Understanding mental fatigue

If you’re going through hell, keep going.

Churchill

As chess players, we get tired as we play long games, and are more likely to make mistakes when tired. What is fatigue? How to slow down the onset of fatigue? Let’s have a look at the bio-psycho-social model of endurance performance.

Bio-psycho-what?

How we act when going through strenuous effort is affected by physiological and psychological factors. Let’s describe things as simple as possible.

The perception of effort is how hard it is for us to be focused and play. This goes up with time. Calculating long lines with clarity is initially easy, but how easy is it after 2 hours? After 4 hours? After 6 hours? It gets progressively difficult. For a runner, the runner would simply stop running, the ‘stopping’ point for chess is more difficult to define, let’s simply say that we can’t perform the calculation satisfactorily anymore. 

Motivation is the next critical component of the model. If a player is in a must-win position on the last round of an important tournament, they will be more motivated. You will call it quits more quickly in an informal analysis session than playing a world champion in a simul.

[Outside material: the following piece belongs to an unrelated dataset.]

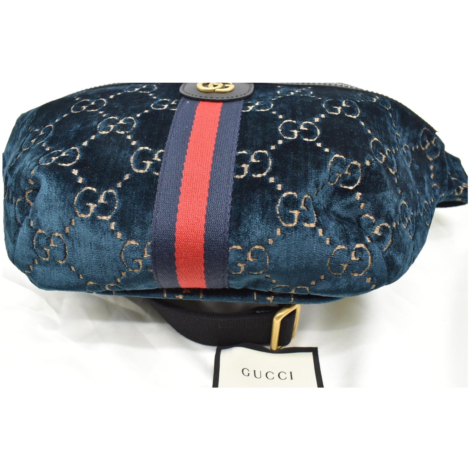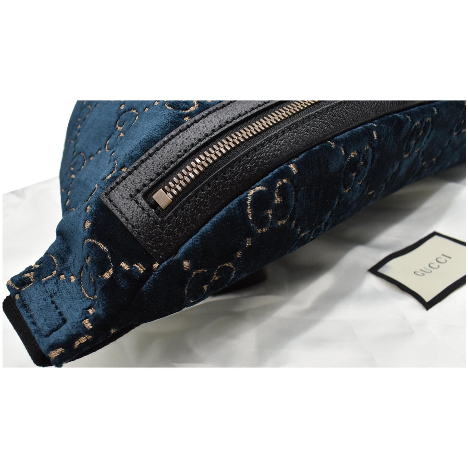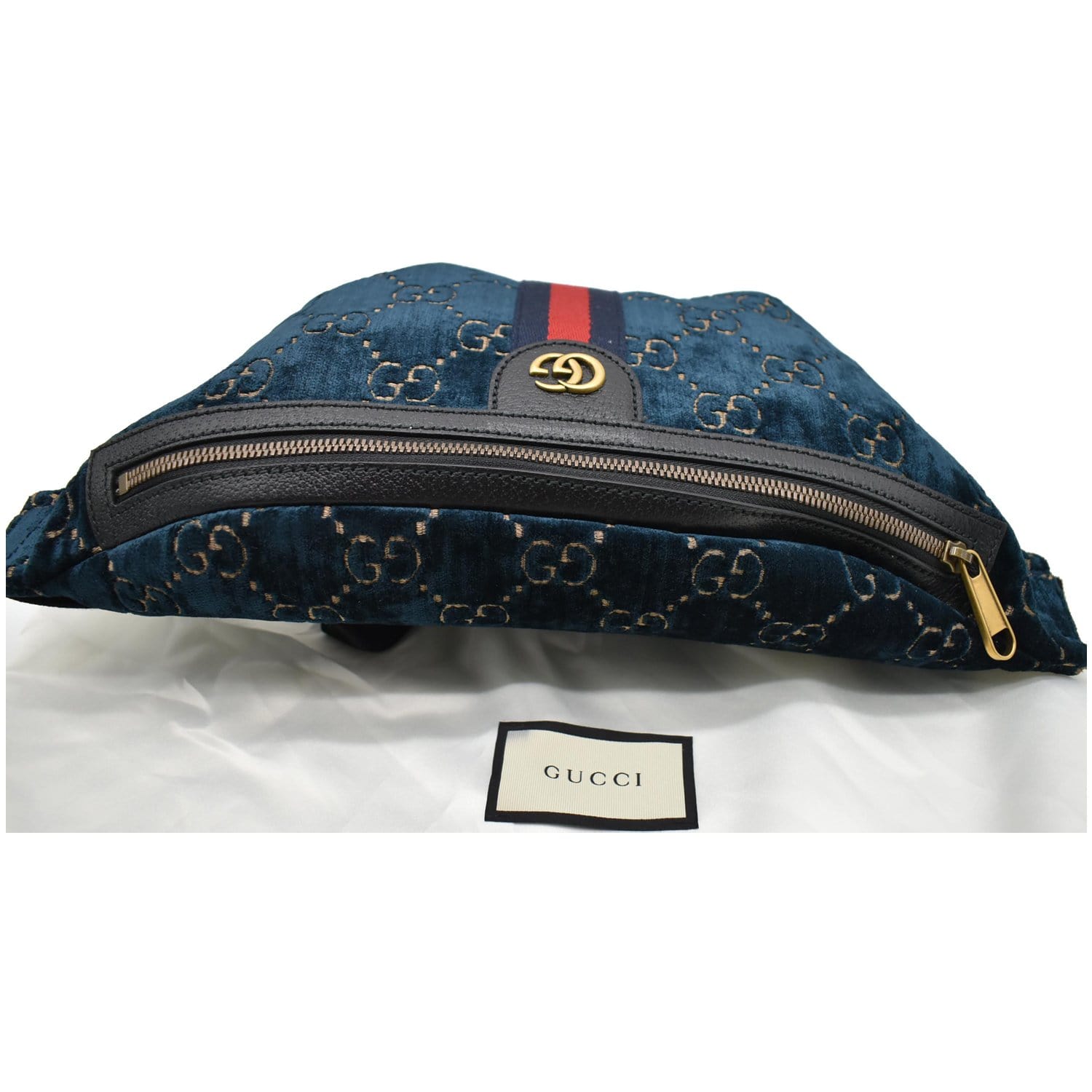 GUCCI GG Monogram Velvet Belt Bumbag Dark Blue 574968

The following graph shows the time to exhaustion, which is basically the amount of ‘good play’ available. This will be from one to many hours.

Motivation

Raising motivation is one way to increase the amount of good play available. This is in a way also a difficult variable to modify as it depends so so strongly on external factors. Self-talk and imaging techniques are available to bring a player into ‘the zone’ but it won’t alone bring world-champion championship-level motivation. There are limits to imagining that your long Sunday jog is the marathon des sables. 

Perception of fatigue

Physical fitness

Physical fitness, physical fatigue, and mental fatigue are intimately linked. This is a subject of fascinating neuroscientific research and I link below a chess dojo where Kostya allowed me to bring in and interview researcher and expert Jeroen Van Cutsem (this is also available in podcast form). 

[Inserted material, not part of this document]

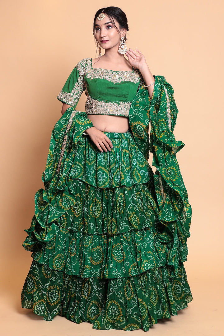 Bandhej Georgette Lehenga with Gota Patti work.

What we need to know: physical fitness does help with mental fatigue. Do a sport, move around, the best kind of exercise is the one that you like to do regularly

The elephant in the room: training

How to reduce the perception of effort for running? Start running regularly. How to reduce the perception of effort for chess? Play chess regularly. But let’s be clear about the principle of specificity here: you need to train for the effort you have to make. Watching 2 hours of youtube videos is not the same as calculating for two hours straight. It would be unrealistic only to run short distances and expect to run a great marathon. It is equally unrealistic to expect to play well for 5 hours straight OTB if the hardest playing or analysis session beforehand was 1 hour. Players need to train mentally in a challenging way so as to withstand the high demands of competition. What is the closest activity to playing classical time control? Analysing games and solving studies: the timeless advice of the soviet school of chess. No surprises here.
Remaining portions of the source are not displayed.